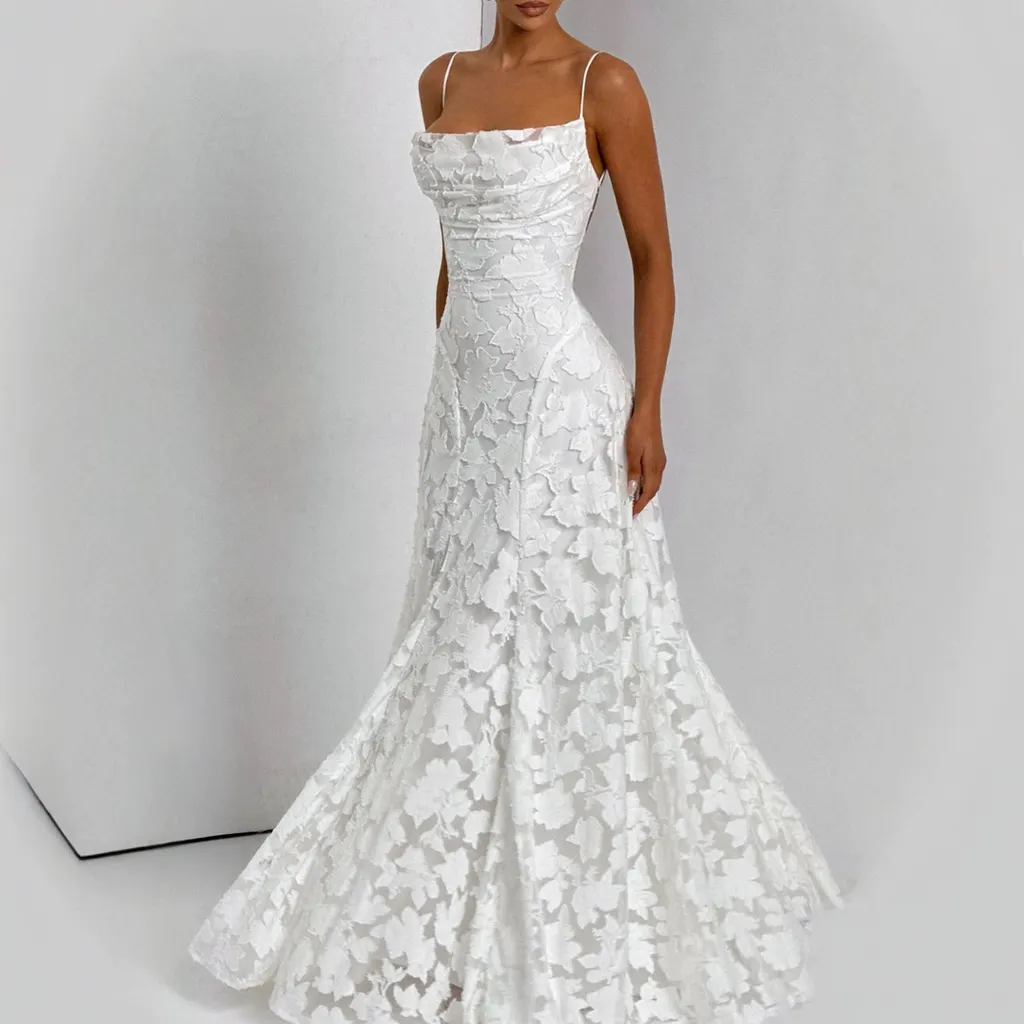 Slim-fit Sling Backless Lace Up Design Dress - White
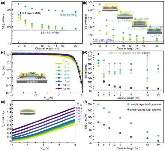 (a) Layer-dependent characteristics of SS for MoS2-based back-gate FET with various channel length. (b) SS as a function of channel length for four types of planar-gate FETs. BG, DG, SG, and CG represent back-gate, dual-gate, stacking-gate, and CNT-gate for MoS2-based FET, respectively. (c) SWCNT as channel materials in global back-gate FET and channel length dependent transfer curves. HfO2 is used for the gate insulator with a thickness of Tox = 1.8 nm. The width of source (drain) WSD = 2 nm and the radius of CNT R = 0.5 nm. (d) The relationships between SS and channel length extracted from (c) for CNT-based FET with various radii. (e) The linear transfer curves of CNT FET with a diameter of 1 nm at varying VDS. (f) DIBL comparison between single layer MoS2 and single-walled CNT as the channel of back-gate FETs in varying channel length, which indicates the short-channel effects within sub-10 nm.
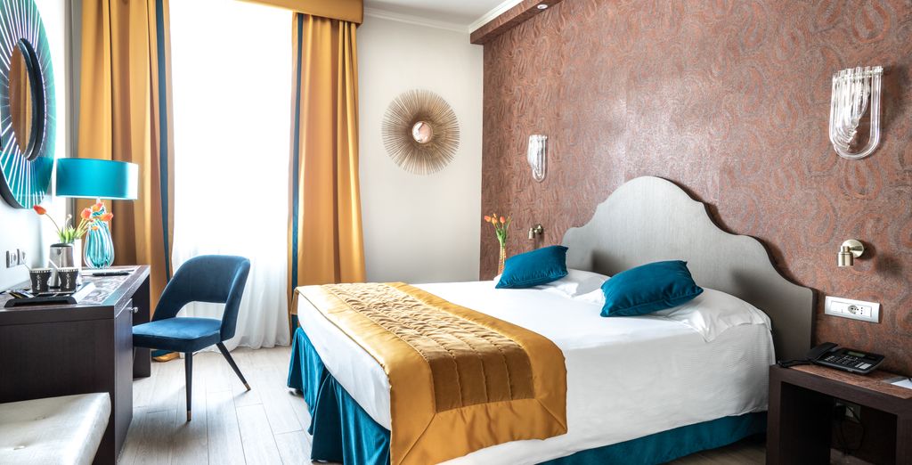 Il comfort è garantito nella camera Premium: scegliete questo spazio elegante se desiderate godere di un ambiente tranquillo e ben attrezzato durante la vostra vacanza a Roma.
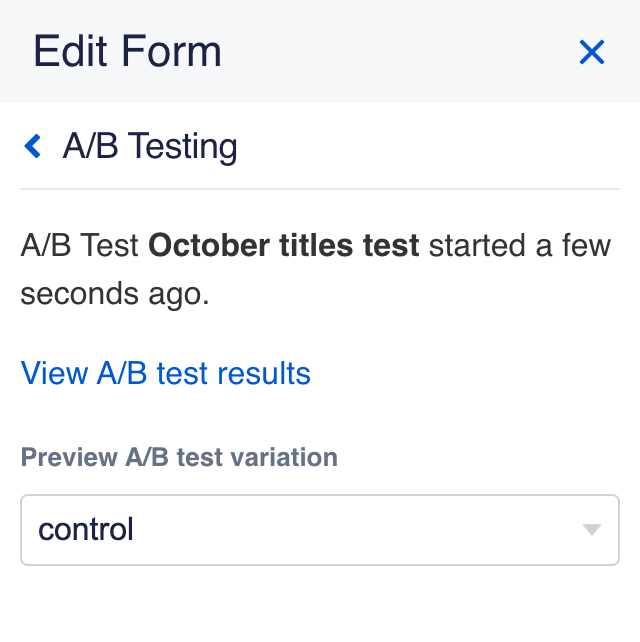 You can now view both variations of your form in the form editor. Go to the “A/B testing” tab and select which variation you want to see from the “Preview A/B test variation” dropdown menu.

Work instructions
Make an exact copy of the whole listing, but don't bring over any pictures.

Task answer
 Slim-fit Sling Backless Lace Up Design Dress - White
 (a) Layer-dependent characteristics of SS for MoS2-based back-gate FET with various channel length. (b) SS as a function of channel length for four types of planar-gate FETs. BG, DG, SG, and CG represent back-gate, dual-gate, stacking-gate, and CNT-gate for MoS2-based FET, respectively. (c) SWCNT as channel materials in global back-gate FET and channel length dependent transfer curves. HfO2 is used for the gate insulator with a thickness of Tox = 1.8 nm. The width of source (drain) WSD = 2 nm and the radius of CNT R = 0.5 nm. (d) The relationships between SS and channel length extracted from (c) for CNT-based FET with various radii. (e) The linear transfer curves of CNT FET with a diameter of 1 nm at varying VDS. (f) DIBL comparison between single layer MoS2 and single-walled CNT as the channel of back-gate FETs in varying channel length, which indicates the short-channel effects within sub-10 nm.
 Il comfort è garantito nella camera Premium: scegliete questo spazio elegante se desiderate godere di un ambiente tranquillo e ben attrezzato durante la vostra vacanza a Roma.
 You can now view both variations of your form in the form editor. Go to the “A/B testing” tab and select which variation you want to see from the “Preview A/B test variation” dropdown menu.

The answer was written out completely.